Deceptive Planning Exploiting Inattention Blindness
Mustafa O. Karabag, Jesse Milzman, Ufuk Topcu
TL;DR
This work studies deception in rational inattention within two-player zero-sum stochastic games where one player faces perception constraints modeled as online sensor selection. It introduces a value-weighted entropy objective that prioritizes sensors by the potential value impact, and shows that a greedy sensor-selection algorithm, paired with a Q_MDP-based action rule, yields a bound on value loss relative to perfect information when the opponent adheres to an assumed policy. The paper then demonstrates that an adversary can exploit inattention blindness by adopting a myopic deviation that improves its payoff beyond the security value, and provides numerical experiments in grid defense and random games to illustrate the mechanism. These results highlight how persistent misalignment between beliefs and reality can be leveraged through perception decisions, with implications for designing robust perception and deception-aware strategies in stochastic games.
Abstract
We study decision-making with rational inattention in settings where agents have perception constraints. In such settings, inaccurate prior beliefs or models of others may lead to inattention blindness, where an agent is unaware of its incorrect beliefs. We model this phenomenon in two-player zero-sum stochastic games, where Player 1 has perception constraints and Player 2 deceptively deviates from its security policy presumed by Player 1 to gain an advantage.

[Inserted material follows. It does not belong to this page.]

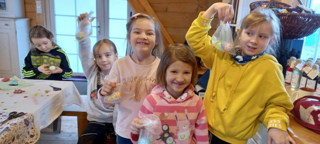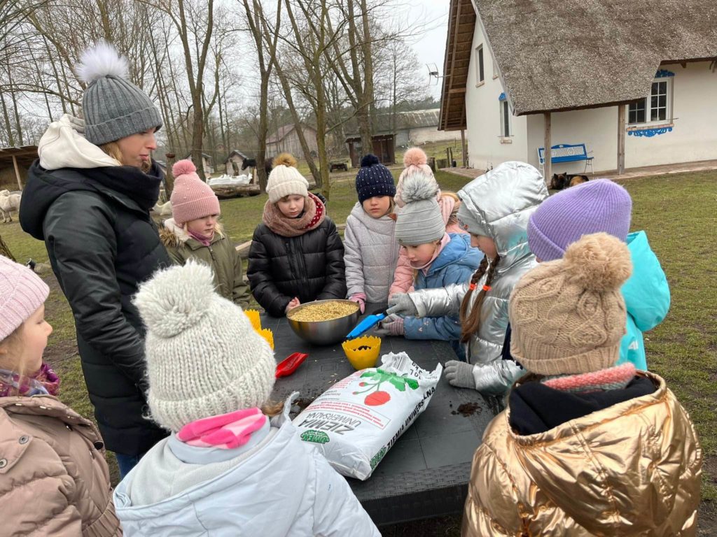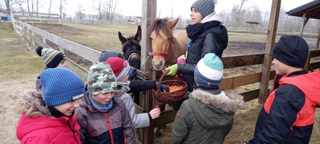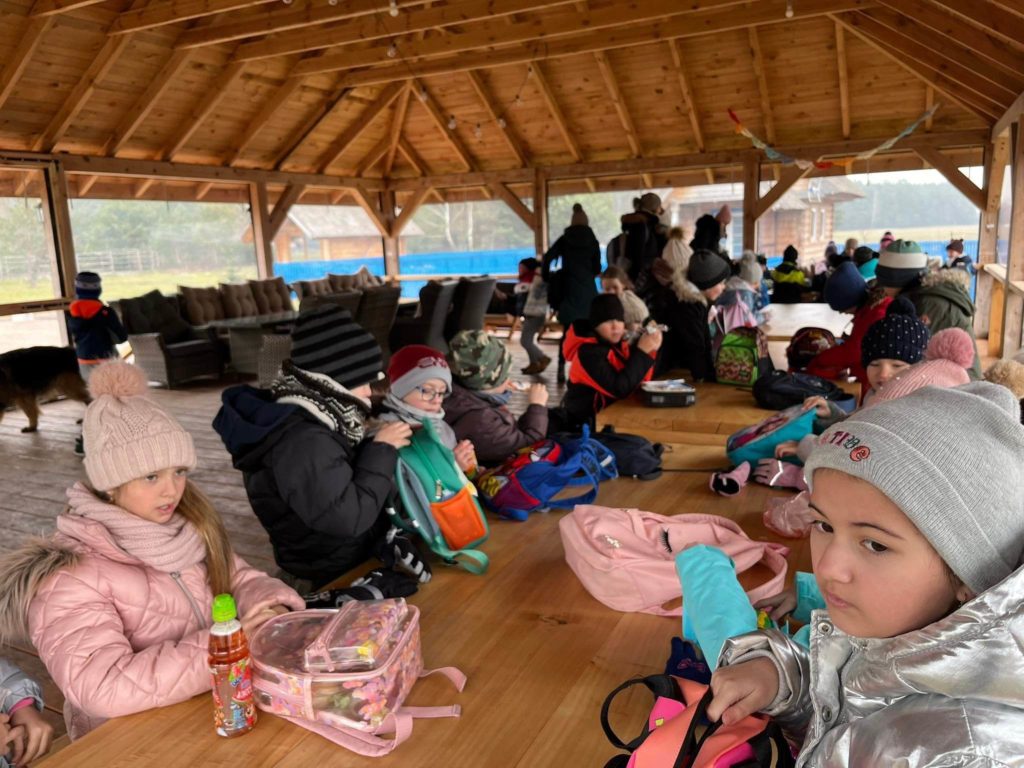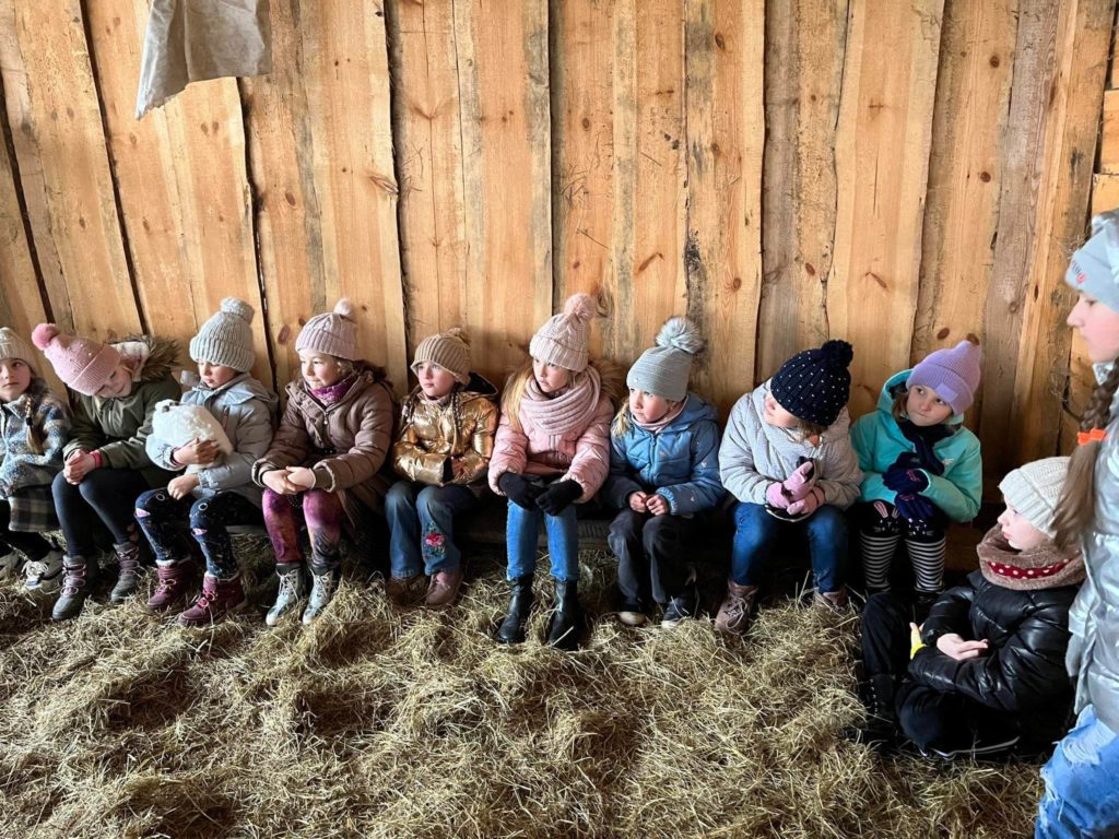 3 marca 2023 r. uczniowie z klasy 1A pojechali na wycieczkę do Gospodarstwa Edukacyjnego „Cuda i Wianki” w Kicinach. Podczas pobytu w tym wyjątkowym miejscu dzieci wzięły udział w warsztatach wielkanocnych, kulinarnych, plastycznych oraz przyrodniczych. Dużą atrakcją była dla dzieci gra terenowa, przejażdżka bryczką oraz karmienie zwierząt.
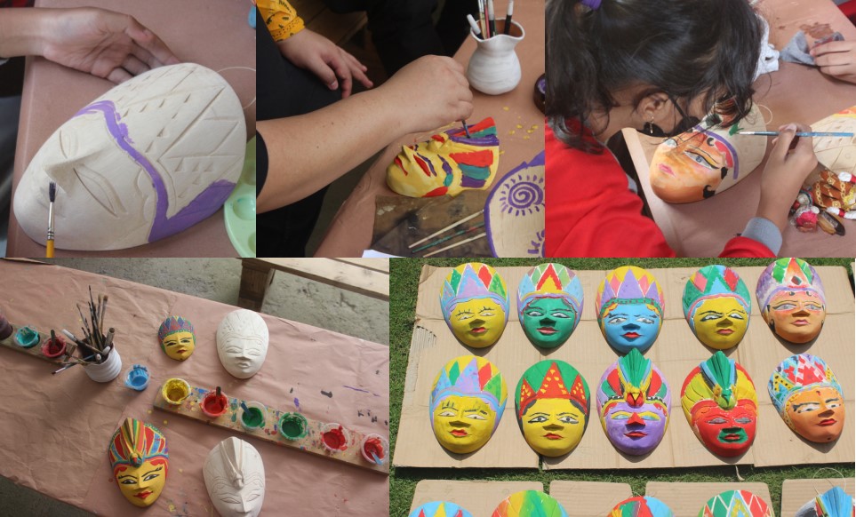 Melukis, membuat gambaran dengan mengunakan kuas dan cat. Media yang digunakan bervariasi mulai dari tempat pensil yang berbahan dasar gerabah, pensil kayu dan topeng yang berbahan dasar kayu. Topeng tersedia dalam 3 ukuran kecil, sedang & besar. Cat yang digunakan cat ramah lingkungan. Estimasi waktu yang dibutuhkan 30-60 menit

We formulate the perception constraints as an online sensor selection problem, develop a value-weighted objective function for sensor selection capturing rational inattention, and propose the greedy algorithm for selection under this monotone objective function. When Player 2 does not deviate from the presumed policy, this objective function provides an upper bound on the expected value loss compared to the security value where Player 1 has perfect information of the state. We then propose a myopic decision-making algorithm for Player 2 to exploit Player 1's beliefs by deviating from the presumed policy and, thereby, improve upon the security value. Numerical examples illustrate how Player 1 persistently chooses sensors that are consistent with its priors, allowing Player 2 to systematically exploit its inattention.